Segment Start: Information shown

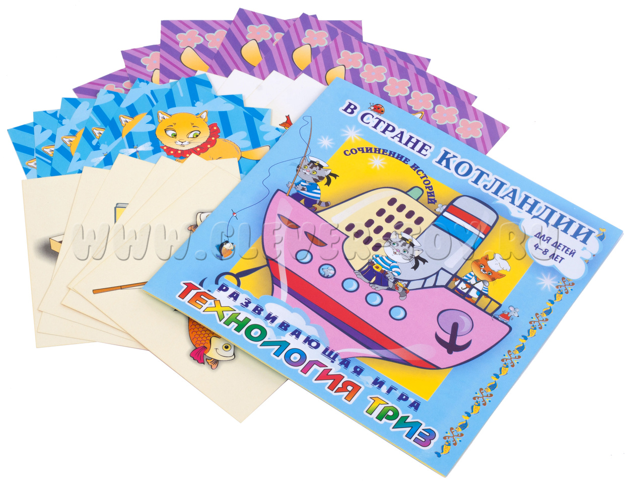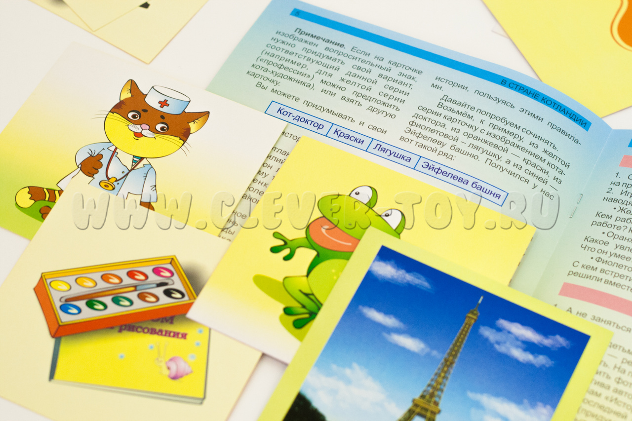 • подробная инструкция, в которой описан механизм игры, приведены примеры историй и познавательные факты о странах и городах, о роли котов в истории, об их кличках.
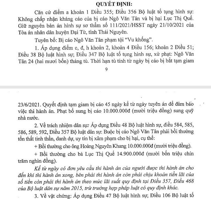 Ngày 23/6/2021, ông Ngô Văn Tân đã bị Công an huyện Đại Từ bắt tạm giam, tại Bản án số 111/2021/HSST ngày 21/10/2021 của Tòa án nhân dân huyện Đại Từ và Bản án số 55/2022/HSPT ngày 22/5/2022 của Tòa án nhân dân tỉnh Thái Nguyên đã xét xử ông Ngô Văn Tân 24 tháng tù giam về tội Vu khống về hành vi nêu trên, ngoài ra ông Tân bị phạt bổ sung 10 triệu đồng sung công quỹ. Về dân sự, bị cáo Tân có trách nhiệm bồi thường tổn thất tinh thần, danh dự, uy tín cho ông Hoàng Nguyên Khang số tiền 10 triệu đồng, bà Lục Thị Quế số tiền 14,9 triệu đồng.
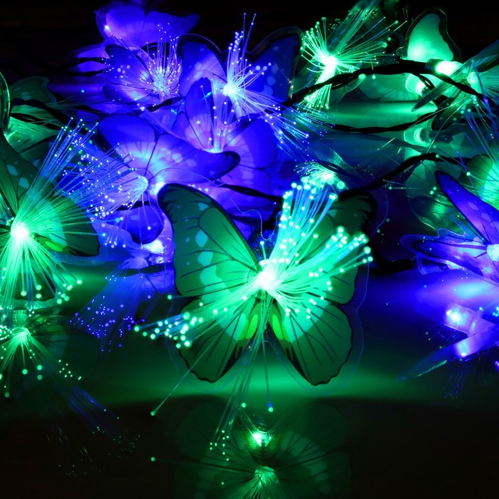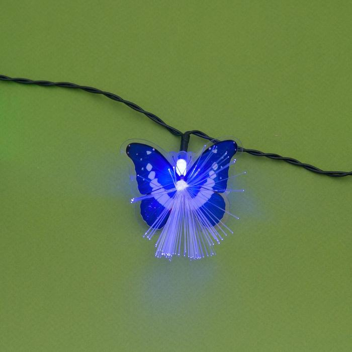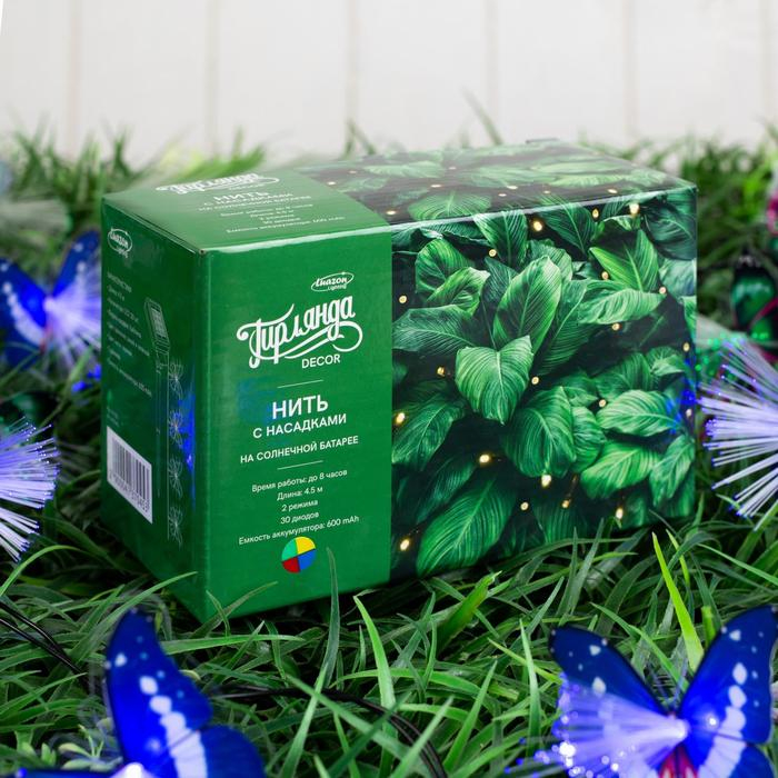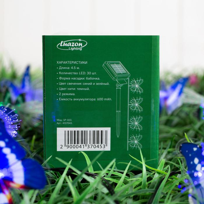 Гирлянда «Нить» 4.5 м с насадками «Бабочки», IP44, тёмная нить, 30 LED, свечение синее/зелёное, 2 режима, солнечная батарея

Segment End: Information shown

*What to do*
The response should restate the material above word for word and contain no pictures.

*Task result*
 • подробная инструкция, в которой описан механизм игры, приведены примеры историй и познавательные факты о странах и городах, о роли котов в истории, об их кличках.
 Ngày 23/6/2021, ông Ngô Văn Tân đã bị Công an huyện Đại Từ bắt tạm giam, tại Bản án số 111/2021/HSST ngày 21/10/2021 của Tòa án nhân dân huyện Đại Từ và Bản án số 55/2022/HSPT ngày 22/5/2022 của Tòa án nhân dân tỉnh Thái Nguyên đã xét xử ông Ngô Văn Tân 24 tháng tù giam về tội Vu khống về hành vi nêu trên, ngoài ra ông Tân bị phạt bổ sung 10 triệu đồng sung công quỹ. Về dân sự, bị cáo Tân có trách nhiệm bồi thường tổn thất tinh thần, danh dự, uy tín cho ông Hoàng Nguyên Khang số tiền 10 triệu đồng, bà Lục Thị Quế số tiền 14,9 triệu đồng.
 Гирлянда «Нить» 4.5 м с насадками «Бабочки», IP44, тёмная нить, 30 LED, свечение синее/зелёное, 2 режима, солнечная батарея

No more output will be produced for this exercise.